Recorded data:
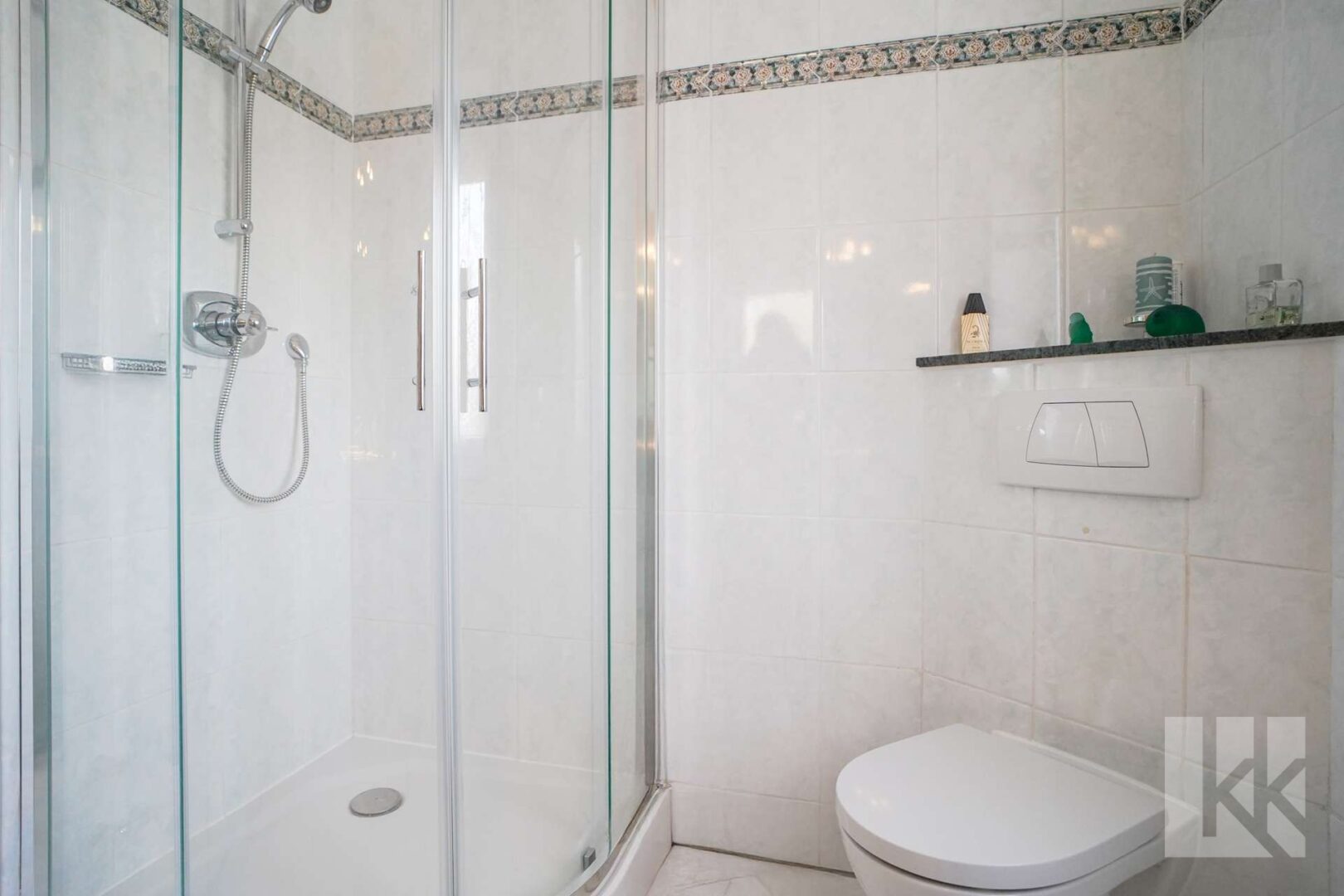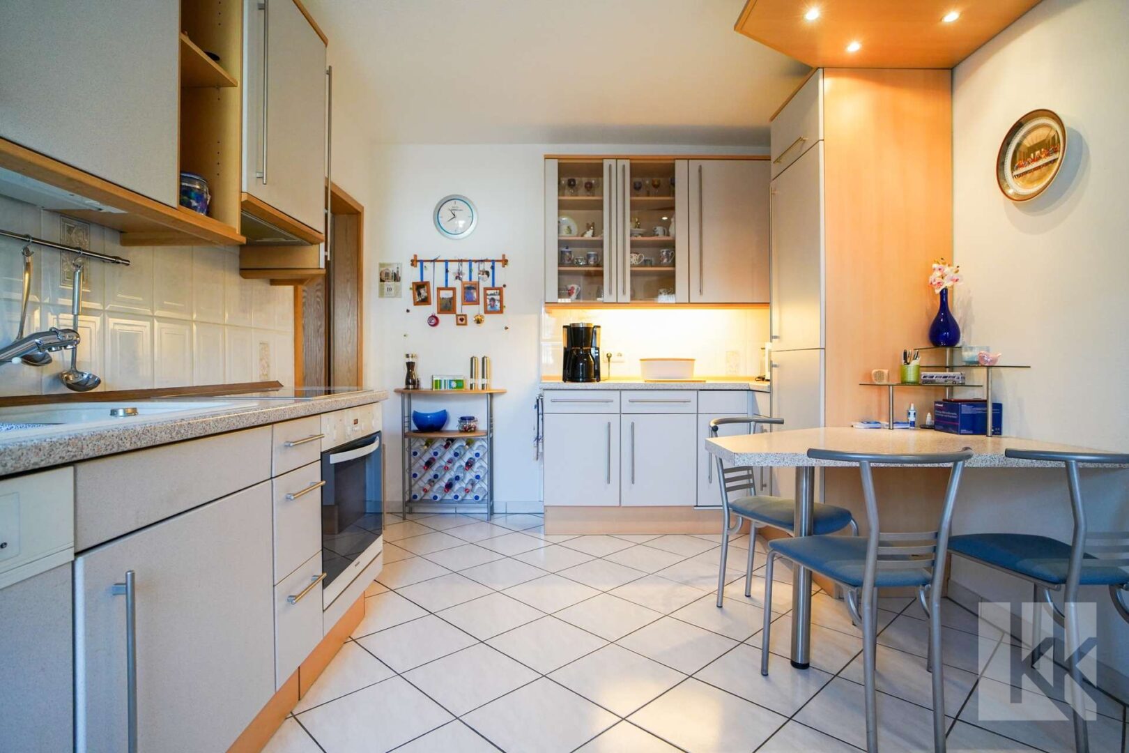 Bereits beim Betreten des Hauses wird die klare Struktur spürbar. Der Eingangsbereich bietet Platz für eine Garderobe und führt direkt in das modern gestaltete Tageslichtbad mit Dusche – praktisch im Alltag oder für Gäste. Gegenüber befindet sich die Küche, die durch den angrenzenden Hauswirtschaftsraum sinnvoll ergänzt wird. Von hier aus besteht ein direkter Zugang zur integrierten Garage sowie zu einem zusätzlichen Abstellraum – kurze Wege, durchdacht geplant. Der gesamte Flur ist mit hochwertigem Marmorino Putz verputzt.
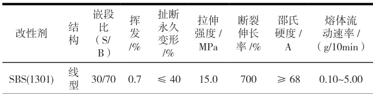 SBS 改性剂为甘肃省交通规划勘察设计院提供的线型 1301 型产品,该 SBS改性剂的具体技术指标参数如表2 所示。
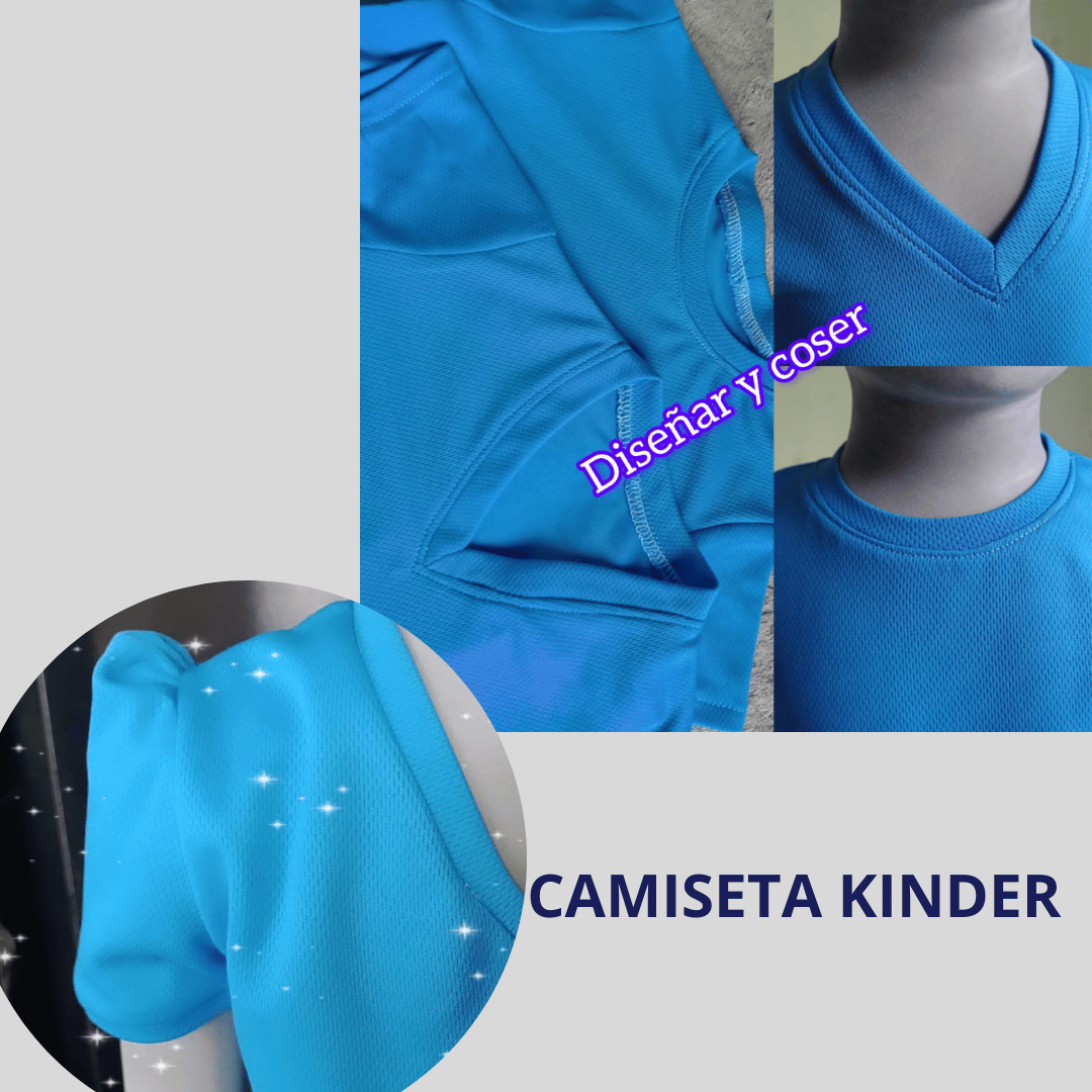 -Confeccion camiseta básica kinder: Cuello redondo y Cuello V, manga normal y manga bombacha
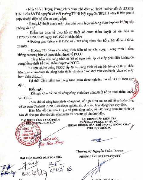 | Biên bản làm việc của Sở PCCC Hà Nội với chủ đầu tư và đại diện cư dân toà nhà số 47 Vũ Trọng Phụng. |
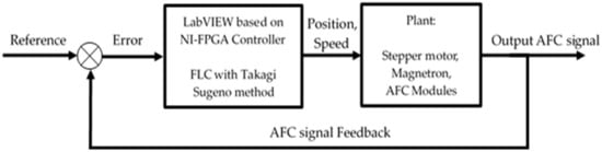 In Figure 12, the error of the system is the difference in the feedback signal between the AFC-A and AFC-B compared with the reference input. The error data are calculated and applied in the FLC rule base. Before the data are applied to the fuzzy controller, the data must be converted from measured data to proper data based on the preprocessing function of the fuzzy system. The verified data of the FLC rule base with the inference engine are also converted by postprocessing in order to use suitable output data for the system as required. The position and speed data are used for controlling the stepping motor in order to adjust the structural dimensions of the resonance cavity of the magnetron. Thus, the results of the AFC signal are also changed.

Work item: Above are records with pictures; repeat them exactly, but without the pictures.

Problem solution:
 Bereits beim Betreten des Hauses wird die klare Struktur spürbar. Der Eingangsbereich bietet Platz für eine Garderobe und führt direkt in das modern gestaltete Tageslichtbad mit Dusche – praktisch im Alltag oder für Gäste. Gegenüber befindet sich die Küche, die durch den angrenzenden Hauswirtschaftsraum sinnvoll ergänzt wird. Von hier aus besteht ein direkter Zugang zur integrierten Garage sowie zu einem zusätzlichen Abstellraum – kurze Wege, durchdacht geplant. Der gesamte Flur ist mit hochwertigem Marmorino Putz verputzt.
 SBS 改性剂为甘肃省交通规划勘察设计院提供的线型 1301 型产品,该 SBS改性剂的具体技术指标参数如表2 所示。
 -Confeccion camiseta básica kinder: Cuello redondo y Cuello V, manga normal y manga bombacha
 | Biên bản làm việc của Sở PCCC Hà Nội với chủ đầu tư và đại diện cư dân toà nhà số 47 Vũ Trọng Phụng. |
 In Figure 12, the error of the system is the difference in the feedback signal between the AFC-A and AFC-B compared with the reference input. The error data are calculated and applied in the FLC rule base. Before the data are applied to the fuzzy controller, the data must be converted from measured data to proper data based on the preprocessing function of the fuzzy system. The verified data of the FLC rule base with the inference engine are also converted by postprocessing in order to use suitable output data for the system as required. The position and speed data are used for controlling the stepping motor in order to adjust the structural dimensions of the resonance cavity of the magnetron. Thus, the results of the AFC signal are also changed.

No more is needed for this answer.